Tanga, Tanzania’s third largest city and second largest port, is the principal town on the northern coast of Tanzania, a time-warped port which briefly served as the capital of German East Africa before Dar es Salaam usurped the role. Relaxed, friendly and atmospheric, it is a lovely character-filled town full of old German and Asian buildings.
Now one of the more modern ports along Tanzania’s coast, the city rose to prominence when settled by the Germans after the harbour at Bagamoyo proved to be too shallow for trade on any large scale.
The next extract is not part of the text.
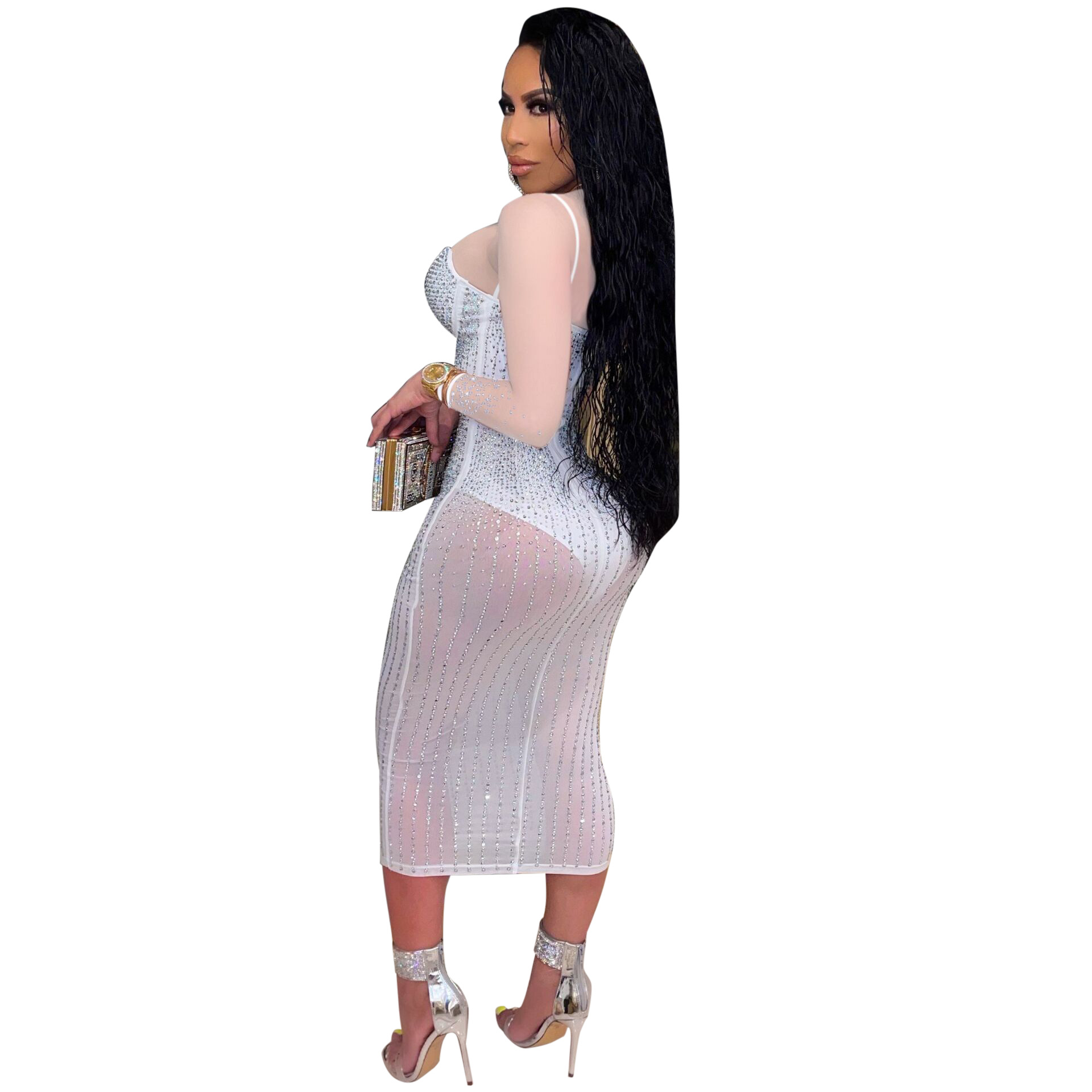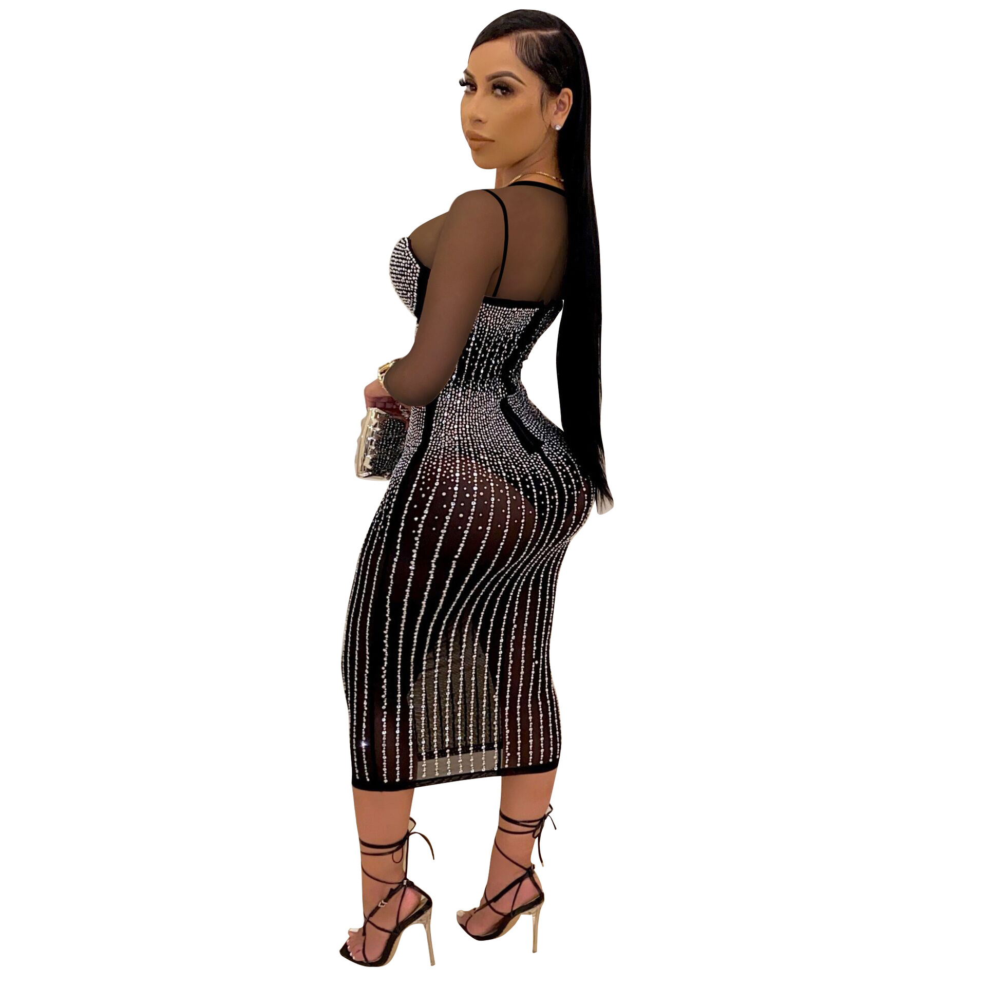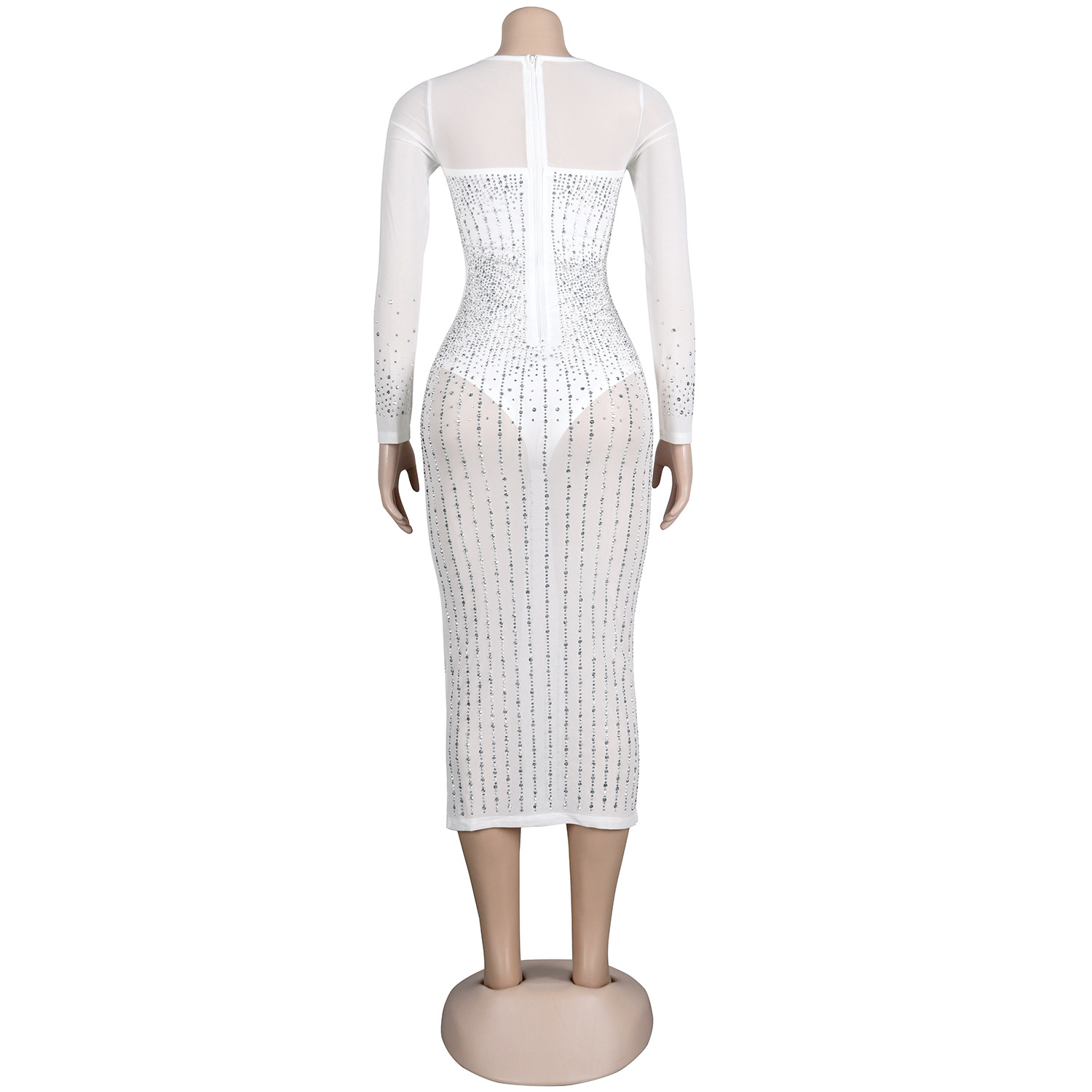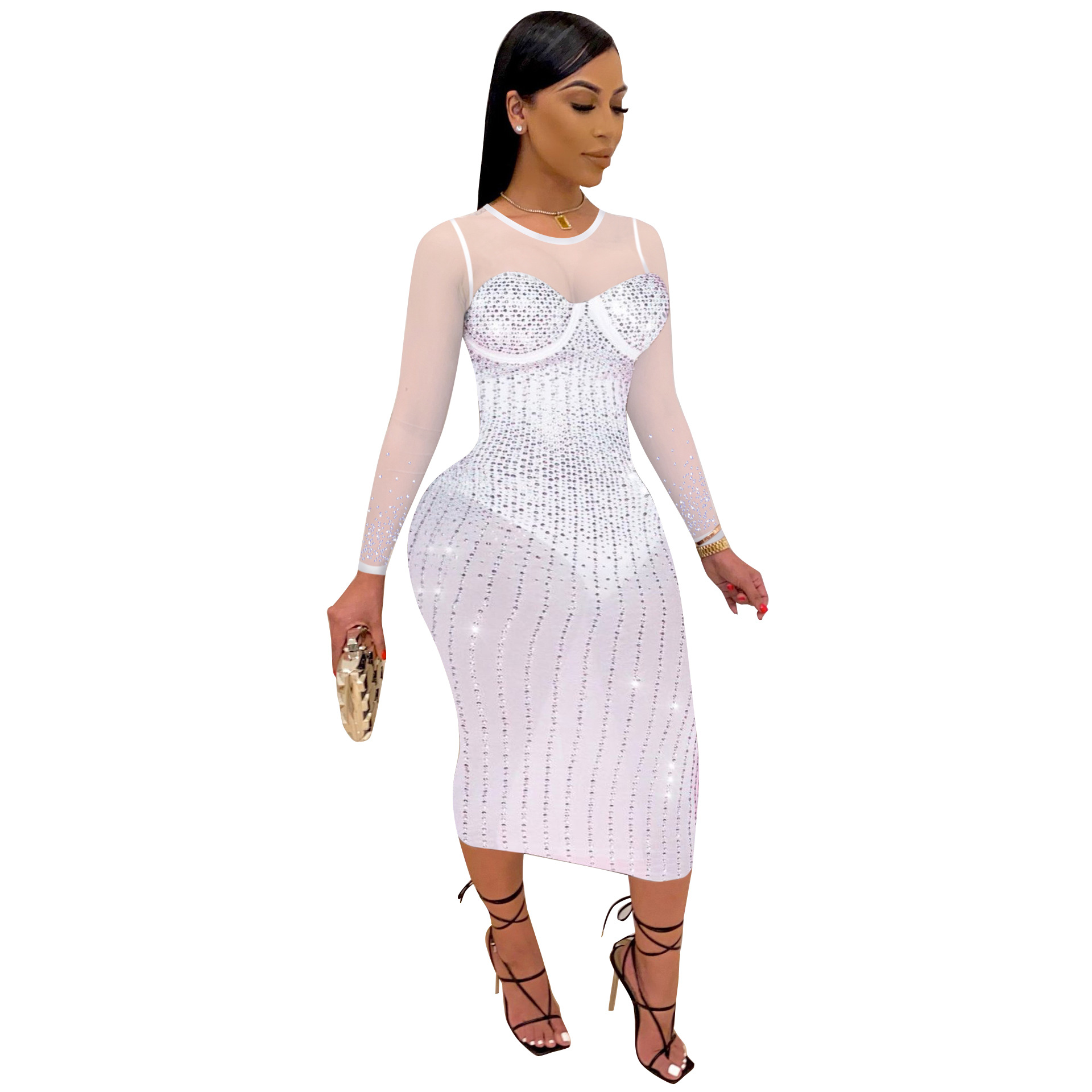 Diamond Long Sleeve Dress Nightclub Uniforms Plus size

Tanga boasts the first school in German East Africa, built in 1893, and a railway to Moshi was started in the same year and completed in 1911. The rail link inland and the excellent natural harbour guaranteed Tanga’s survival to this day, when most business conducted is export of sisal.
Excursions Around Tanga
8 kilometres north of Tanga lies the entrance to Amboni Caves, the most extensive limestone cave network in East Africa and thought to extend hundreds of kilometres up the coast. The caves have been part of local legend and folklore for thousands of years, long before their discovery by Europeans in 1940. Local belief still holds that the main cave is inhabited by a god of fertility, and offerings are still regularly made here. The forest around the cave entrance is excellent for bird-watching, and is also home to a troop of endemic black-and-white colobus monkeys.
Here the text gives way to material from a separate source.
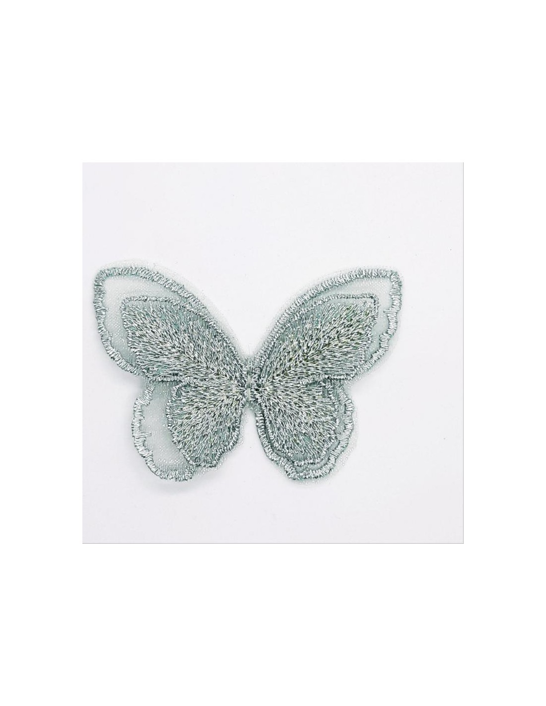 Aplique fantasía, con forma de mariposa brillante. Adorno especial para decorar tus prendas y complementos, dándoles un toque único y original, que nunca te puede faltar.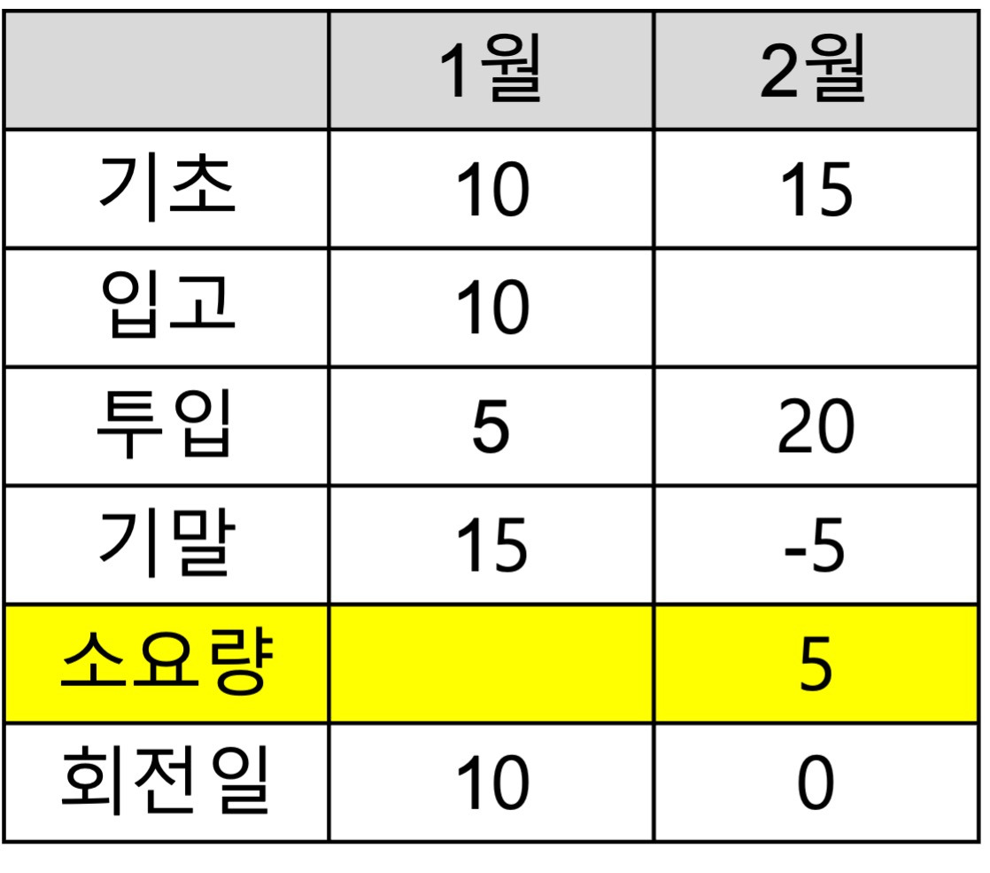 (회전일 공식은 별도 설명하겠지만, "투입물량 / 기말재고 X 해당 월 일수"로 계산을 하시면 됩니다.)

Tongoni, about 20 kilometres south of Tanga itself, was never a large town but was always well-off, and the ruins visible today stand testament to the wealth in the town. The town, of the Shirazi people, peaked during the 14th and 1th centuries, and now boasts the largest concentration of historical tombs on the East African coast. There is also a ruined mosque at the site. The caretaker will charge a small fee to show you around the ruins.
Directly offshore from Tanga lies Toten Island, which can be reached by boat from the harbour. On the island are ruins of two mosques and a number of tombs and graves – some locals refer to Toten as the Island of the Dead.
Pangani Town lies about 50 kilometres south of Tanga and is a traditionally Swahili town lying at the mouth of the Pangani River. The town has a relaxed ambience, surrounded by virtually unspoilt beaches to both the north and south. Historically the town has played a notable role, owing to its position at the mouth of the river, which assumed a vital role as a transport route to the interior of the country. The town was a major export point for the notorious slave and ivory trades, and was one of the largest ports between Bagamoyo and Mombasa. Within the town itself, remnants of the German and Arabic influences can be seen in the architecture and carved doorways.
The beaches to the north and south of the town have only recently been opened up to visitors with the advent of a new road. This coastline is beautiful, consisting of long unbroken stretches of white sandy beaches backed by palm trees and light forest, in which the bird and wild life is well worth a look.
Excursions around Pangani
The river provides some of the best birdwatching in the area, as well as resident populations of crocodiles and other animals. Boat and canoe safaris on the river offer the opportunity to observe nature form an unusual perspective!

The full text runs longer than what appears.